Malaria is one of the most important and widely spread infectious diseases, especially in developing countries, constituting a major health threat to about 40 % of the world population [1]. The World Health Organization (WHO) estimated 207 million new cases of malaria worldwide in 2012, with over 600,000 deaths as a result of the severe complications associated with the disease. At present there is no fully effective vaccine against malaria, leaving chemotherapy as one of the most immediate options for fighting this disease [2]. Unfortunately, the number of available anti-malarial drugs with different chemotypes and novel mechanisms of action is low, and the number of compounds entering clinical trials is even lower [3], limiting the expected availability of new, approved compounds for human infections in the near future.

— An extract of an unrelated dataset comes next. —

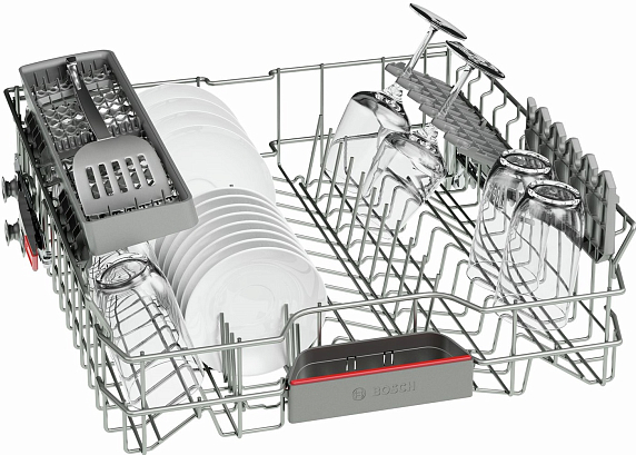 Встраиваемая посудомоечная машина Bosch SMV 45IX00R рассчитана на 13 стандартных комплектов посуды. Особенность модели — переставляемый по высоте верхний короб Rackmatic-3. Если вам нужно место в нижнем коробе для противня или большой кастрюли, то вы сможете легко поднять верхний лоток, даже если он полностью загружен.
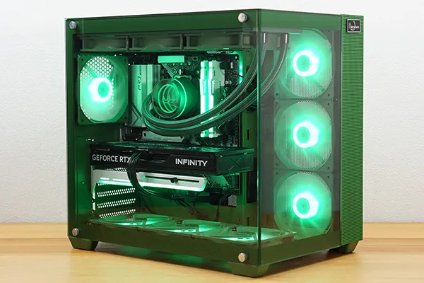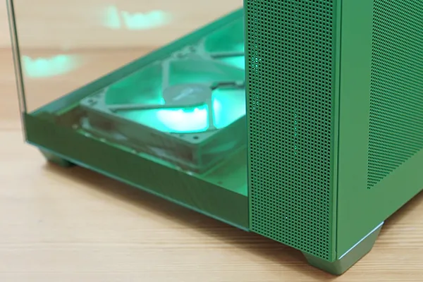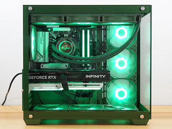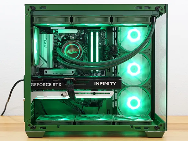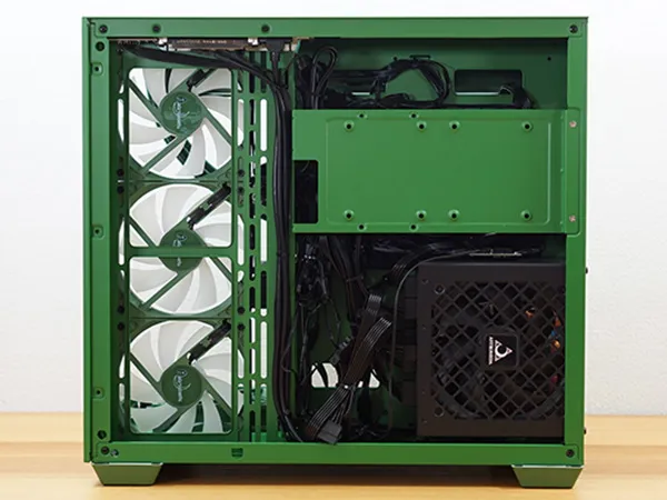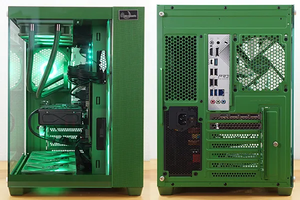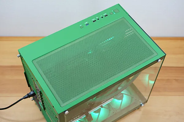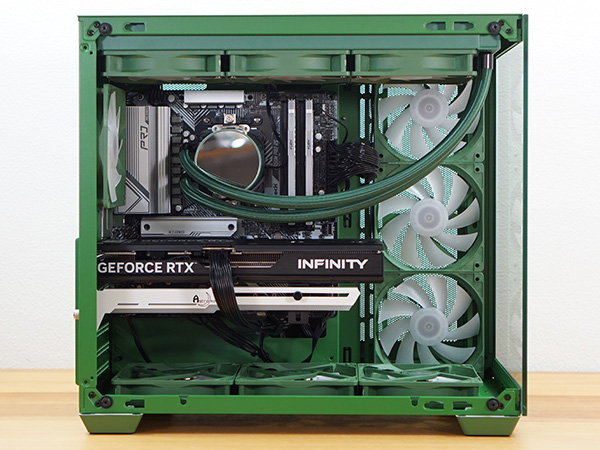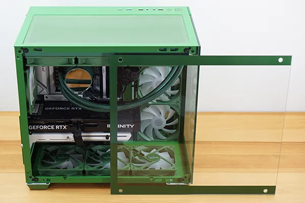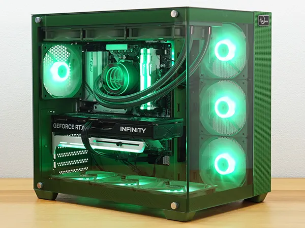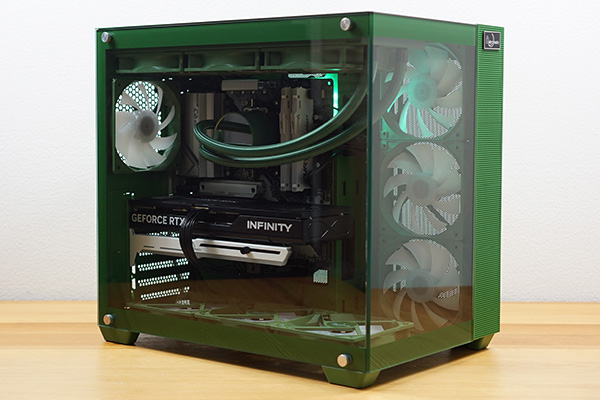 筐体からCPUクーラー、スリーブ、ケースファンまでグリーンで統一され、一体感があります。フロントと左サイドパネルが強化ガラスになっており、内部を広々と見渡せるピラーレスケースを採用しています。

In addition, the rate at which drug resistance is emerging and expanding exceeds the current development of new drugs, in particular given the lengthy process from compound characterization to approval for use in humans [4]. This fact is of particular concern when taking into account the reports of artemisinin-resistant Plasmodium falciparum strains in Southeast Asia [5, 6]. Therefore, it is essential to keep searching for new anti-malarial chemotypes with novel mechanisms of action.

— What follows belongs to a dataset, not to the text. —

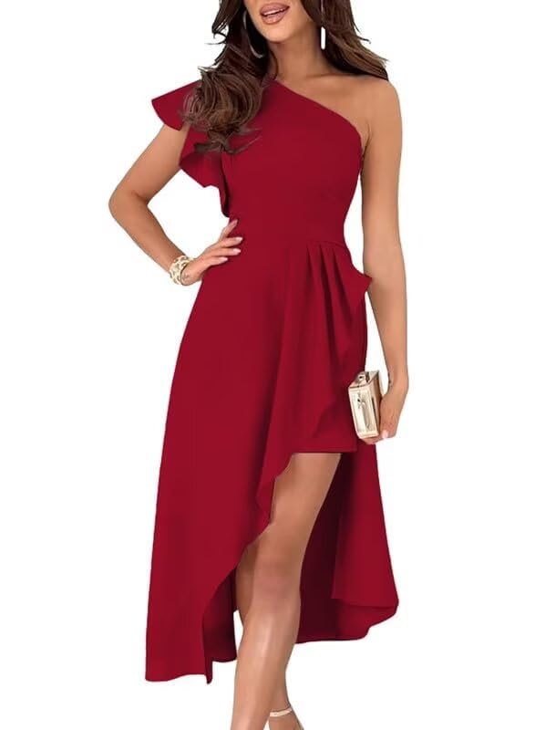 HOT ! A-line Ruffles Satin Wedding Guest Dress for Women, Midi One Shoulder Neck Formal Dress Cocktail Dress
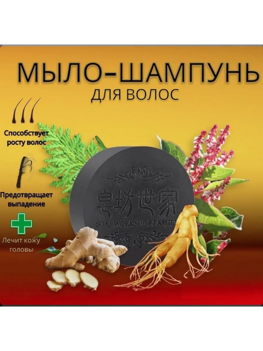 Твёрдое мыло-шампунь против выпадения волос изготовлен из полезных трав. Черное мыло против выпадения волос и для роста волос эффективно борется с выпадением волос, питает луковицы волос очень полезным составом, которое укрепляет корни и саму структуру волос. Китайское черное мыло шампунь для волос так же борется с кожаными заболеваниями на голове как сухая себорея, псориаз, угревая сыпь.

Efforts in recent years to find anti-malarial compounds have focused on the exploration of chemical libraries of public domain, using high-throughput screenings (HTS) on parasite culture [7‐9]. Natural products, which have been the basis of the majority of current anti-malarial medicines [10], are also an important source of compounds of medical importance as they may include different structures for optimizing therapeutic measures against malaria. For this reason, research for the identification and characterization of new anti-malarial agents over the past years has gone beyond the study of plants to include marine organisms, fungi and bacteria [11].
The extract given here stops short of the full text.